Teaching

Day 1: James Scott Bell’s Tools for Dialogue

Yes, this was a back-to-back talk given by Mr. Bell after which, my brain exploded. I’m still picking up pieces.

This is one small portion of his talk and since it doesn’t require diagrams, I thought I could share it without too much difficulty. (He does like diagrams.) Each of these tools are things we need to practice in each scene that has dialogue – and that means every scene for most of us.

1. Orchestration of Conflict: Keep the possibilities for conflict coming. Mr. Bell mentioned a scene in “Casablanca” where we see Rick, the Frenchman and the Gestapo agent talking about the war, Rick’s stance, etc. Throughout the scene, there’s an unspoken, but rising threat from the Gestapo.

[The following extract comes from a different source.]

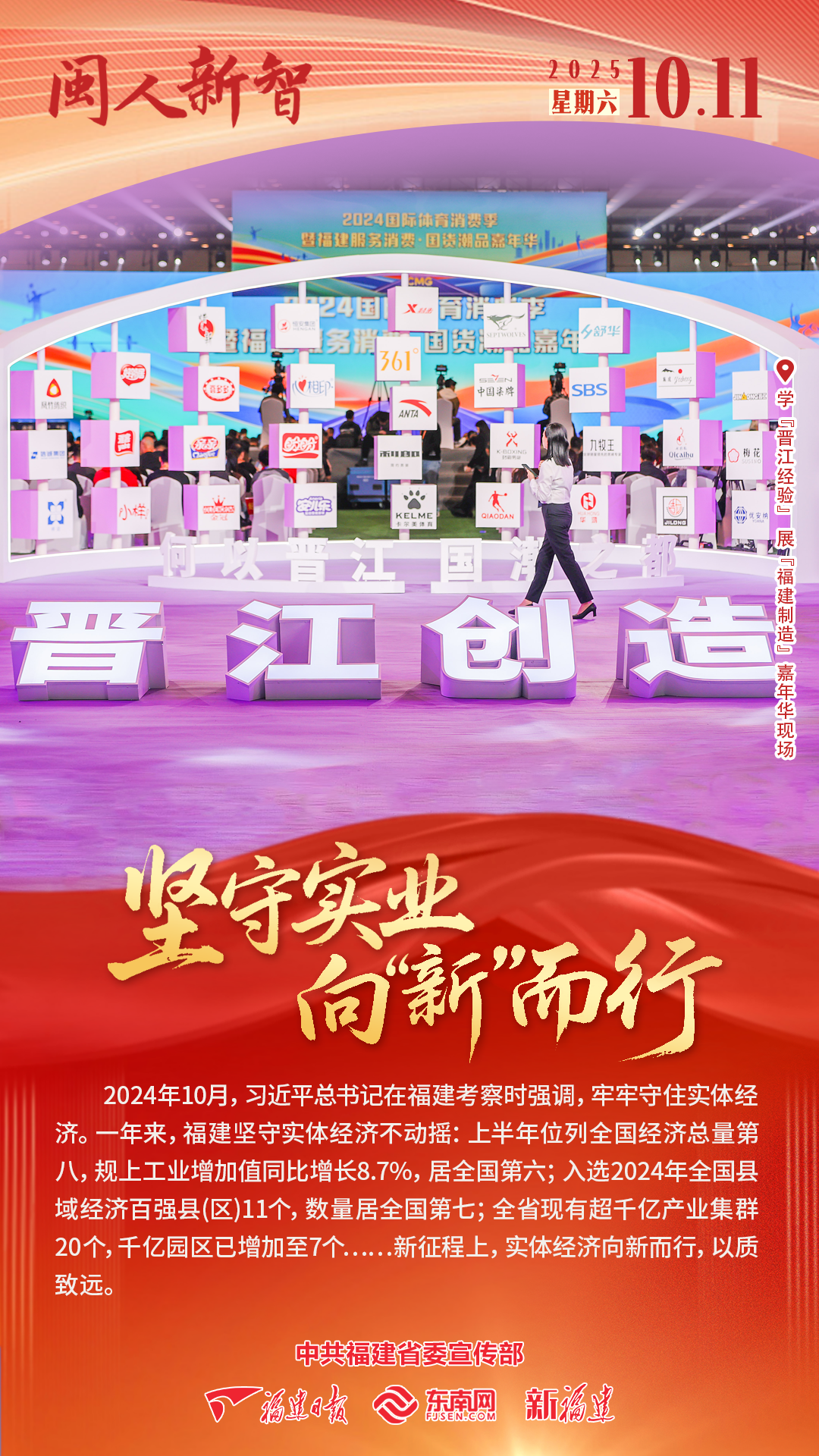 10月9日起,“闽人智慧”编辑部、福建日报社全媒体传播中心特别策划推出“奋勇争先”系列主题海报,围绕科技创新、实体经济、深化改革、高水平开放、生态文明、山海协作、城乡统筹、两岸融合、以文化人、民生保障等主题,生动展现新福建建设的奋进图景。

2. P.A.C.: This stands for
P=Parental or authoritarian style of motivation.
A=Objective/Adult
C=Childlike, emotional motivational style.

Mr. Bell mentioned how you can watch the dialogue between Oscar and Felix in “The Odd Couple” go from one character being the authoritarian, to the adult to the child and how, given different situations, Oscar and Felix change roles. This keeps the scenes believable, dynamic and snappy.

3. Curve the Language: Write a line of dialogue, then swap words out and make it more threatening.

4. Turn Exposition into confrontation within dialogue. For the sake of a quick demonstration, please forgive me for using an excerpt from my own ms. The following scene has been posted here before. It’s a confrontation that happens between my villain (Hu Xiongli) and a minor character who is the head of the Butchers Guild:

“Tell me, Guild Master, has Tong Zhang written requesting money and food yet?”

“He has.” Wu crumbled more of his rice cake into the waiting mouths below. “You ought to know I cannot deny a guild member his rights-“
“I do. How long have you held your office, Yang Wu?”
Wu stiffened. It was the slightest of reactions. A flick of rice cake. A tic of facial muscles. Yet the implied threat was received. Now the enticement.
“You can deny him whatever you wish,” Xiongli said. “He is a traitor to the Empire and should be denied.” Silence reigned for a moment as Xiongli let his words sink in. Then he turned to Wu again and allowed the painted, friendly expression to return to his face. “You and your guild would be compensated.”
“A traitor to the Empire is still not a traitor to his guild, Lord Hu.”
“Ah, but if he is not a traitor to his guild, then what Empire does the guild serve?”

I do not baldly state anywhere in this scene what the threat to Yang Wu is. I leave that to the reader’s imagination. However, thanks to the scene’s setup, the reader is aware of recent capital punishments and an assassination attempt on Xiongli’s life that’s made him both bloodthirsty and jumpy. Both men are tense and each line is designed to show their struggles and desires as well as convey the importance of the guild.

5. Avoid Direct Response Dialogue: Don’t do things like: “Sally, do you want ice cream?” “Yes, Daddy. I want ice cream.” Answer questions with questions, non sequitur responses, etc. For example, “Sally, do you want ice cream?” “Why did you kiss Mrs. Tanner, Daddy?”

6. Go with the flow. Use dialogue without tags and beats. It’s liberating.

7. Minimize dialogue. When revising, copy and paste to a new file, then compress. Add beats for dialogue, and make sure your characters talk the way people really talk. We don’t always say, “Do you want ice cream?” Sometimes we’ll say, “Want ice cream?” or “Want some?” Yes, I am ice cream-obsessed.

8. Silence. Don’t make every response audible, but make your beats meaningful.

9. Tags. Mode and feelings should be evident from your verbiage. Beats go before dialogue. This helps identify the speaker, for one thing.

I remember trying (and failing) to understand Chemistry and despairing because my future father-in-law was my instructor and I so wanted to impress him. Years later, I confessed my confusion and he was disappointed I hadn’t said something at the time. He had other methods of explaining chemistry. He said if I hadn’t understood one approach, I might have grasped a different one. To me, James Scott Bell’s talk was helpful because I need to remember to THINK about these things as I write and not write by “feel.” What about you? Is approaching writing from this angle helpful?